*** Opening Source data ***

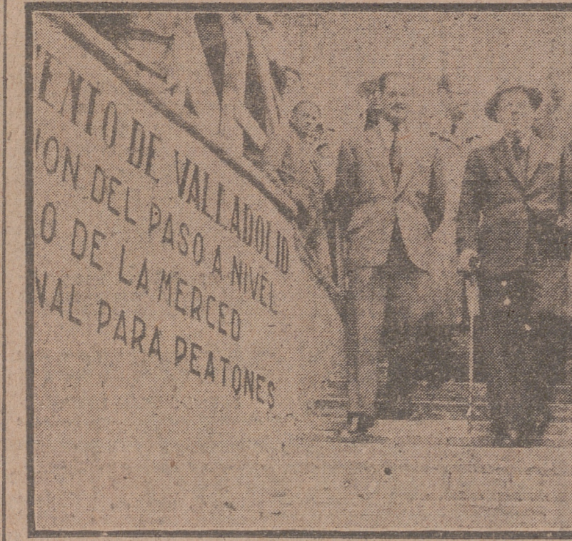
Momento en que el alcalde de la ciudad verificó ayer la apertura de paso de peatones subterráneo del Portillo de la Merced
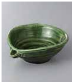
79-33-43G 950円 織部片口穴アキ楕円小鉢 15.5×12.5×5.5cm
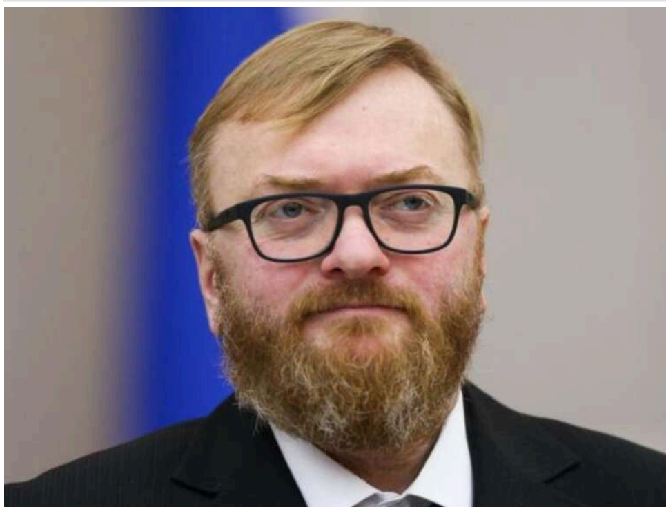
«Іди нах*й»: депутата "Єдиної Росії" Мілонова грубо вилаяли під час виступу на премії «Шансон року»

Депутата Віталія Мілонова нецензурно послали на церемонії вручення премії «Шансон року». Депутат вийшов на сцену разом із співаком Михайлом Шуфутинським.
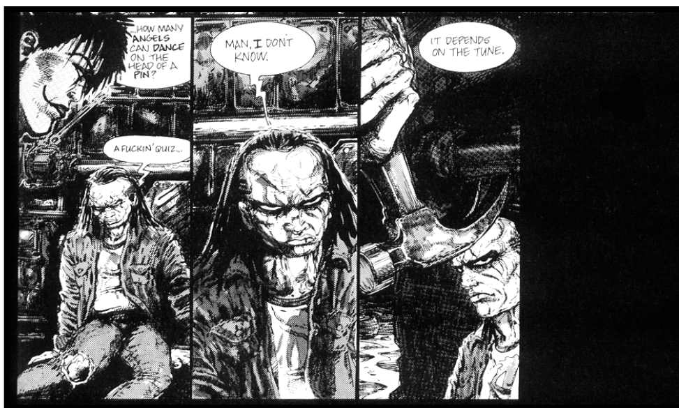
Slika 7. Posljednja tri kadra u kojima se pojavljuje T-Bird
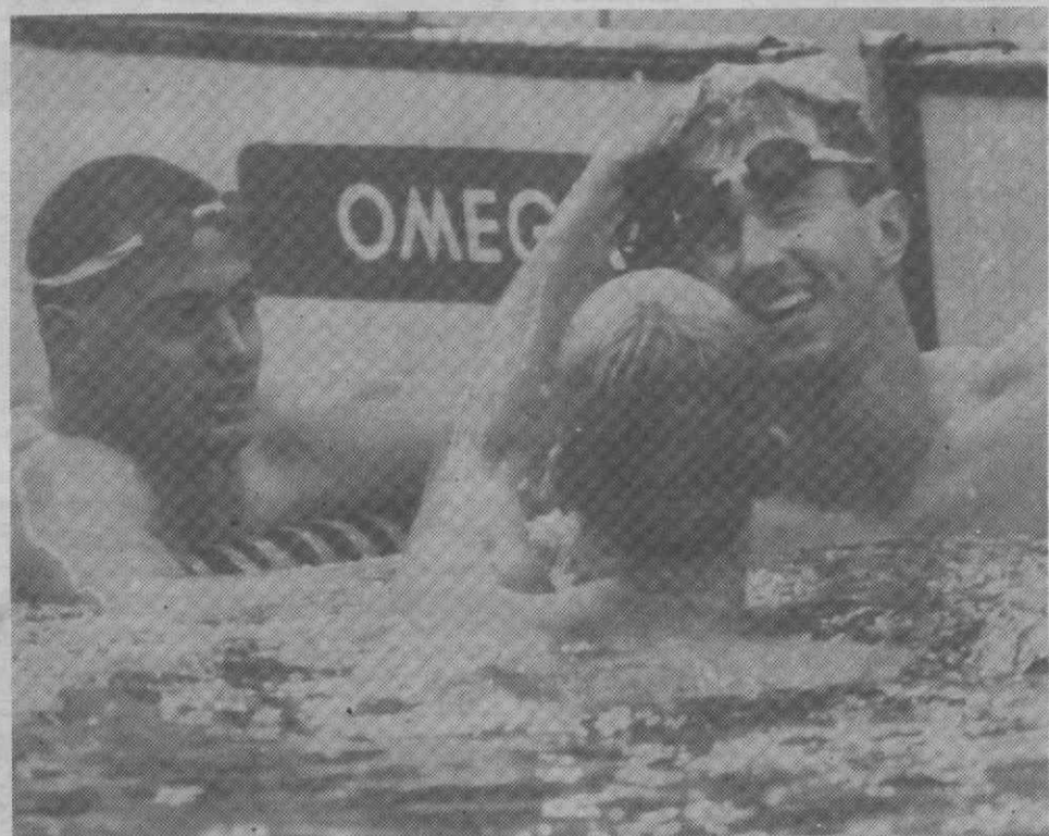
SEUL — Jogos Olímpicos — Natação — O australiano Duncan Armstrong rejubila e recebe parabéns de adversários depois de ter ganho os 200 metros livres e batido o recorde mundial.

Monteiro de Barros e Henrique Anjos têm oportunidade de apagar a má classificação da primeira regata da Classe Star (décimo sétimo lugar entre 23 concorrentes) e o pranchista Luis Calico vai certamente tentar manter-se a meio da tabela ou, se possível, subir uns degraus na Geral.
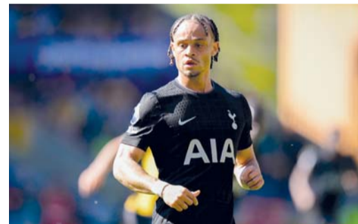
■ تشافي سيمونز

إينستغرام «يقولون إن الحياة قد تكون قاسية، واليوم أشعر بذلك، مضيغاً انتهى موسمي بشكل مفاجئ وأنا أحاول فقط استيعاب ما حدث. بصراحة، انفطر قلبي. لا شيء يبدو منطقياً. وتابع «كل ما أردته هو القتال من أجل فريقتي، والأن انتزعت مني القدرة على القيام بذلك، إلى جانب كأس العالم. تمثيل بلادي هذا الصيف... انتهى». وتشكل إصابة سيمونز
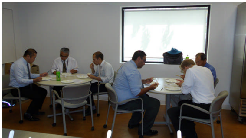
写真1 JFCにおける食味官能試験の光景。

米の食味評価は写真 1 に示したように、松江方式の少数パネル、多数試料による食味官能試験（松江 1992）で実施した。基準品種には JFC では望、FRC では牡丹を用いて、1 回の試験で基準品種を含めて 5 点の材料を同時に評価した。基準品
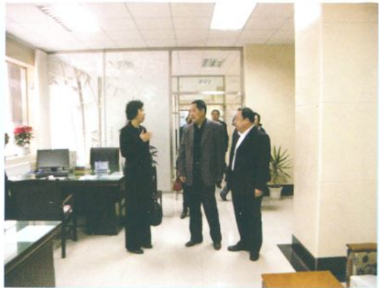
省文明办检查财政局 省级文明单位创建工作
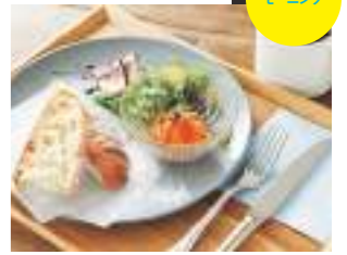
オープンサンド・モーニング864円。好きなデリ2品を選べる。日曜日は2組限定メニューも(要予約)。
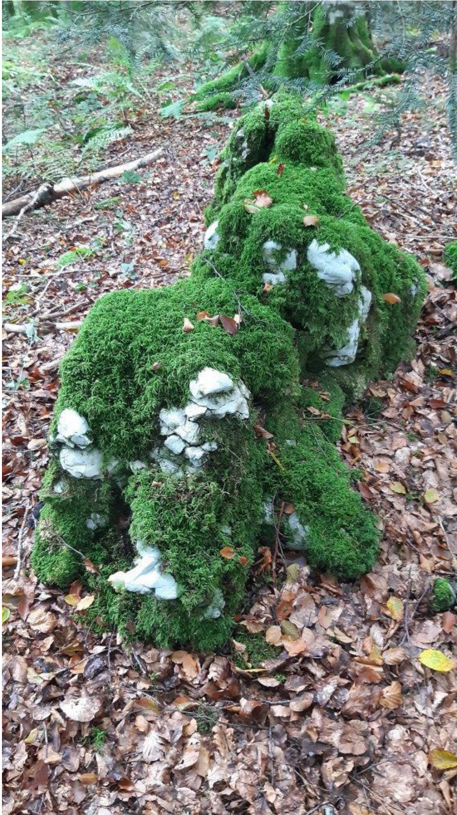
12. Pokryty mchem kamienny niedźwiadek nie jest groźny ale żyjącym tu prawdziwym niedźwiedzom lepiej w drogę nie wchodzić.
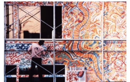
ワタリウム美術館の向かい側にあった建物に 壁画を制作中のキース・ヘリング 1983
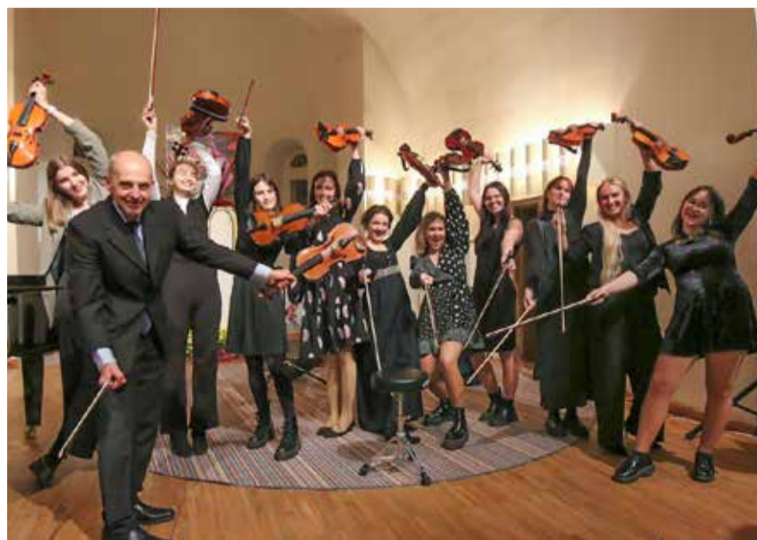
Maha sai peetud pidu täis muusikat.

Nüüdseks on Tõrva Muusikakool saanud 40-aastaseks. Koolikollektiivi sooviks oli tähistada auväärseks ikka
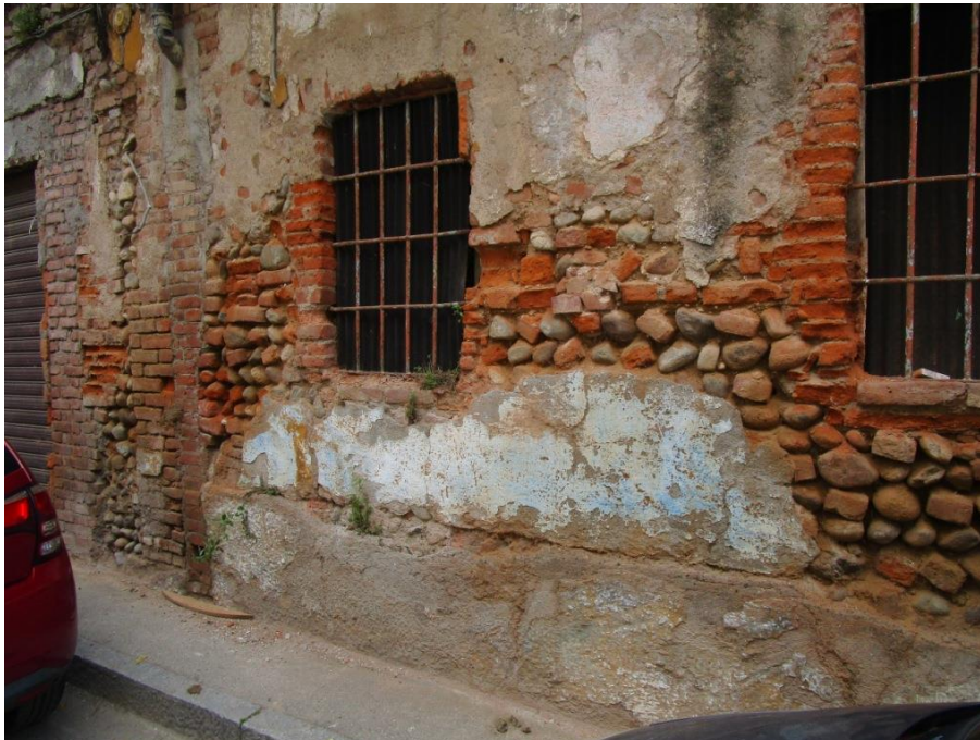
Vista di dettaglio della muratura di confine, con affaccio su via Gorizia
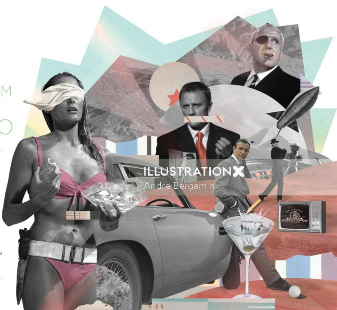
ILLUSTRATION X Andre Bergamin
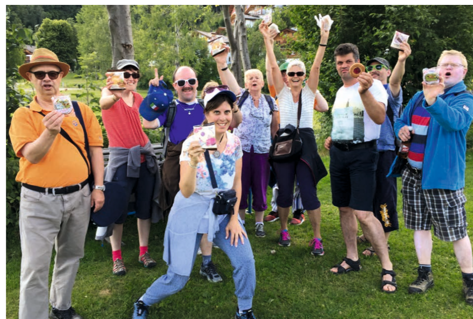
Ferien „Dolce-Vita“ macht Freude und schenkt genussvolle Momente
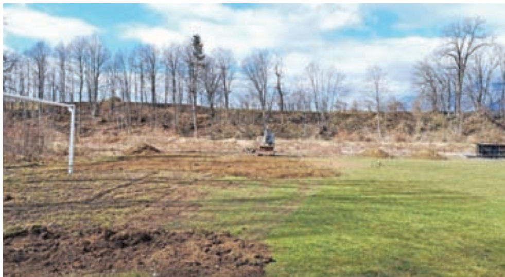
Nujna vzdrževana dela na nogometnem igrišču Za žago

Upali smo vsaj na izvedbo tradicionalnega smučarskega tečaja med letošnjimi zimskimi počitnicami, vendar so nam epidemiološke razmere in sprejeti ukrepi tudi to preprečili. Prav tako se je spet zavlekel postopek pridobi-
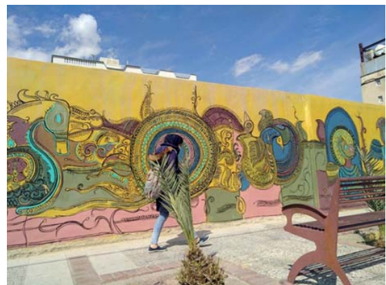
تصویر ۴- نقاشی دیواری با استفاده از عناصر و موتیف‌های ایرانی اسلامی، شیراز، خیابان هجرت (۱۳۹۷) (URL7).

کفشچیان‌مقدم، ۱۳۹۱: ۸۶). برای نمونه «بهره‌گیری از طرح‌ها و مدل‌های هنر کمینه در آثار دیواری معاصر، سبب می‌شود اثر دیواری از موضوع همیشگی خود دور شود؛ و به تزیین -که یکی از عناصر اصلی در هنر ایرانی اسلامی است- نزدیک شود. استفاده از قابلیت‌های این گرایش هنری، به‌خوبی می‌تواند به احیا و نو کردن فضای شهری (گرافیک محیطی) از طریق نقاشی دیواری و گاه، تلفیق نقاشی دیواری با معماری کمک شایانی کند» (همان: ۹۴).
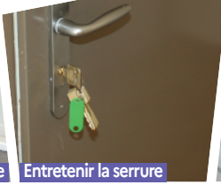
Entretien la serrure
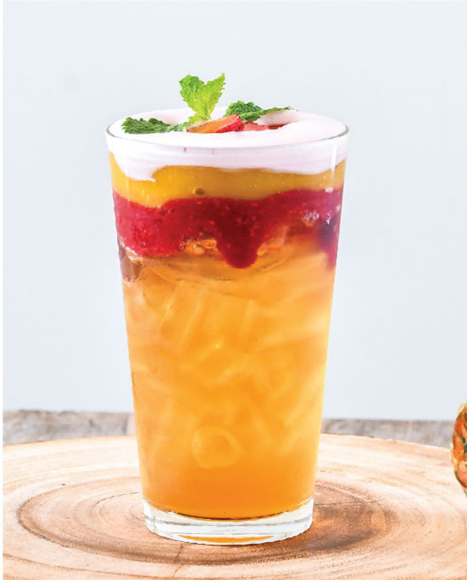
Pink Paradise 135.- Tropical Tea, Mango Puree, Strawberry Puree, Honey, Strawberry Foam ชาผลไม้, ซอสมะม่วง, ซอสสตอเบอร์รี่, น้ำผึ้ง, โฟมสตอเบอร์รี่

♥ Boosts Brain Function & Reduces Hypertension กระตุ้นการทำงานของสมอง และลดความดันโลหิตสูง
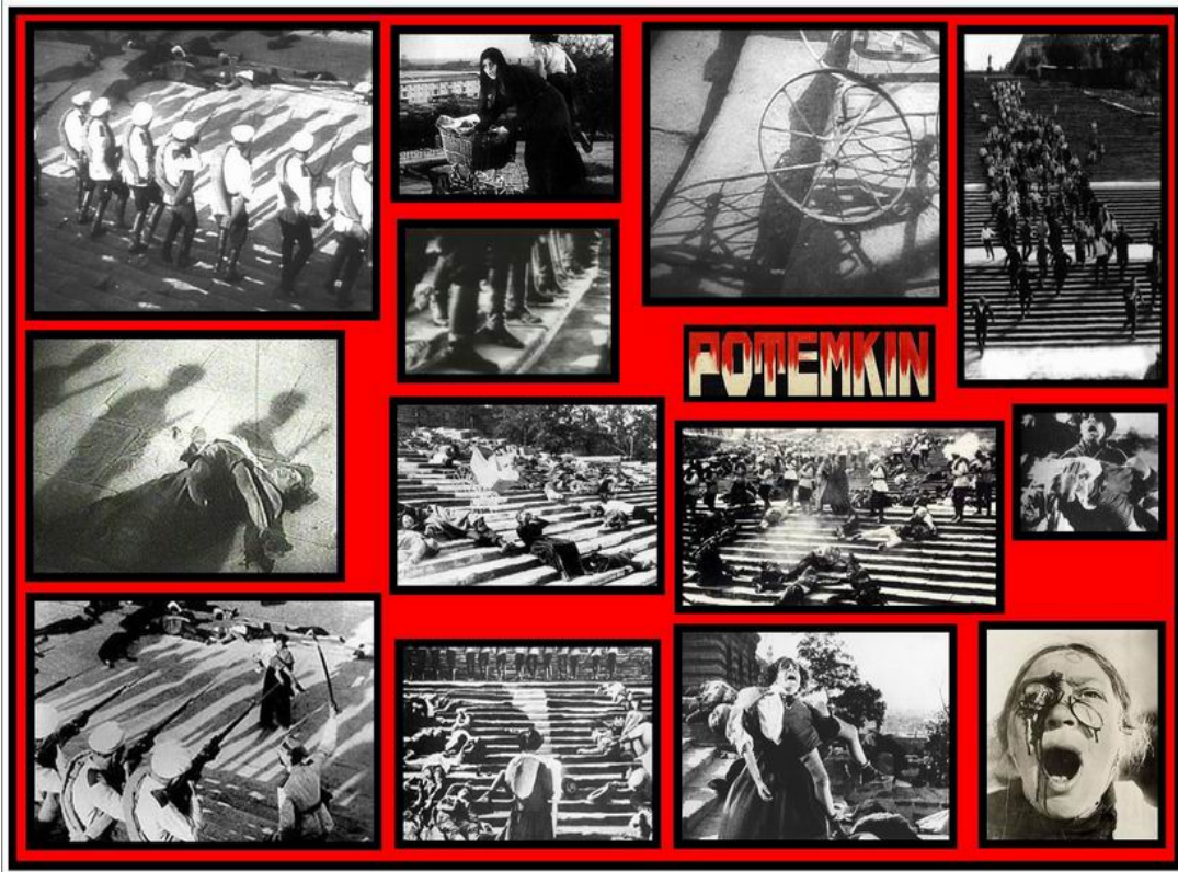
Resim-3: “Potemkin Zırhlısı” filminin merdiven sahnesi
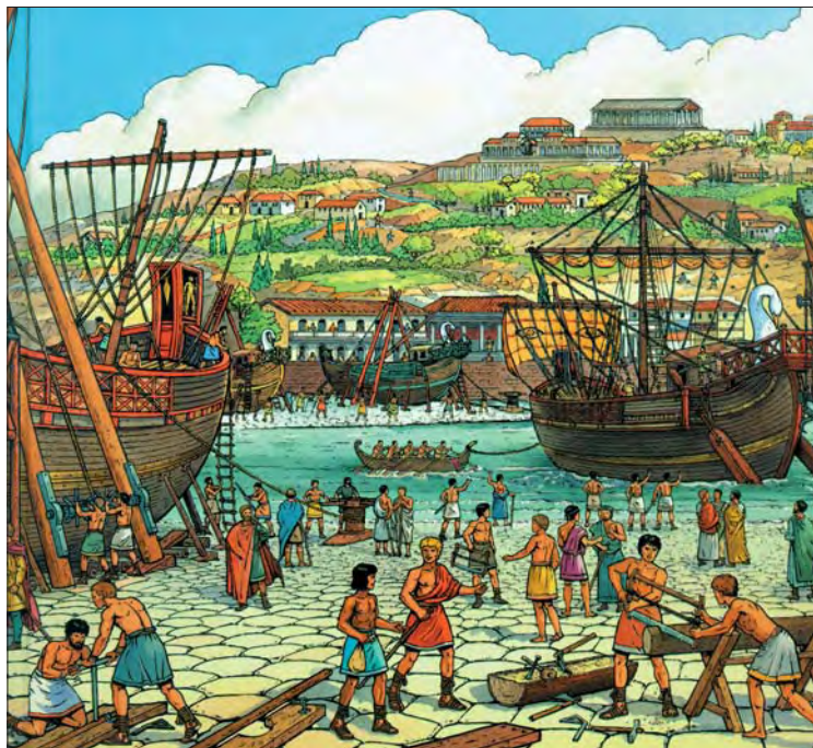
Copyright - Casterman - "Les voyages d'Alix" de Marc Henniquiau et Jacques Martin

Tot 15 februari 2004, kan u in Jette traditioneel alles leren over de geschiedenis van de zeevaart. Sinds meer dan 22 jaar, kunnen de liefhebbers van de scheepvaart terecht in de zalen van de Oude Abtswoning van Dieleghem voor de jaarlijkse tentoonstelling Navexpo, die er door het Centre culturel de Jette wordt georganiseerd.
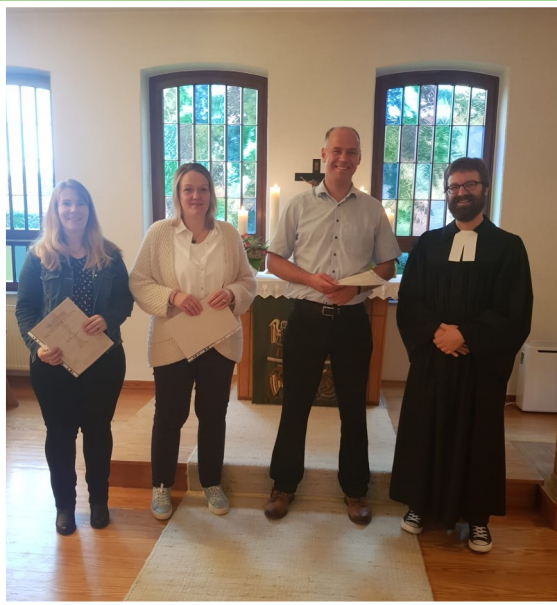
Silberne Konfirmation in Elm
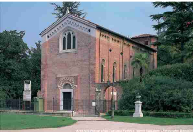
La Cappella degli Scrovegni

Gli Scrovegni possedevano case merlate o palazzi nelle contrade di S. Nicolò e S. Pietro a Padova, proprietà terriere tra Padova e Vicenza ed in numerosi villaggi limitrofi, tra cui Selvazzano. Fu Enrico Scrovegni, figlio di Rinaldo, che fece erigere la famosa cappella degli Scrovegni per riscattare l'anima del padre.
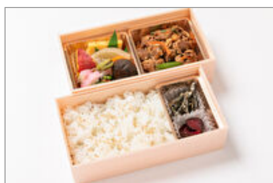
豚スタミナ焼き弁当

*** Closing Source data ***

§ Exercise requirements:
Look back over the records above. Reproduce exactly everything from the line with "وتشكل إصابة سيمونز" down to the line with "Maha sai peetud pidu täis muusikat.", inclusive, and leave the pictures out.

§ Answer section:
إينستغرام «يقولون إن الحياة قد تكون قاسية، واليوم أشعر بذلك، مضيغاً انتهى موسمي بشكل مفاجئ وأنا أحاول فقط استيعاب ما حدث. بصراحة، انفطر قلبي. لا شيء يبدو منطقياً. وتابع «كل ما أردته هو القتال من أجل فريقتي، والأن انتزعت مني القدرة على القيام بذلك، إلى جانب كأس العالم. تمثيل بلادي هذا الصيف... انتهى». وتشكل إصابة سيمونز
写真1 JFCにおける食味官能試験の光景。

米の食味評価は写真 1 に示したように、松江方式の少数パネル、多数試料による食味官能試験（松江 1992）で実施した。基準品種には JFC では望、FRC では牡丹を用いて、1 回の試験で基準品種を含めて 5 点の材料を同時に評価した。基準品
省文明办检查财政局 省级文明单位创建工作
オープンサンド・モーニング864円。好きなデリ2品を選べる。日曜日は2組限定メニューも(要予約)。
12. Pokryty mchem kamienny niedźwiadek nie jest groźny ale żyjącym tu prawdziwym niedźwiedzom lepiej w drogę nie wchodzić.
ワタリウム美術館の向かい側にあった建物に 壁画を制作中のキース・ヘリング 1983
Maha sai peetud pidu täis muusikat.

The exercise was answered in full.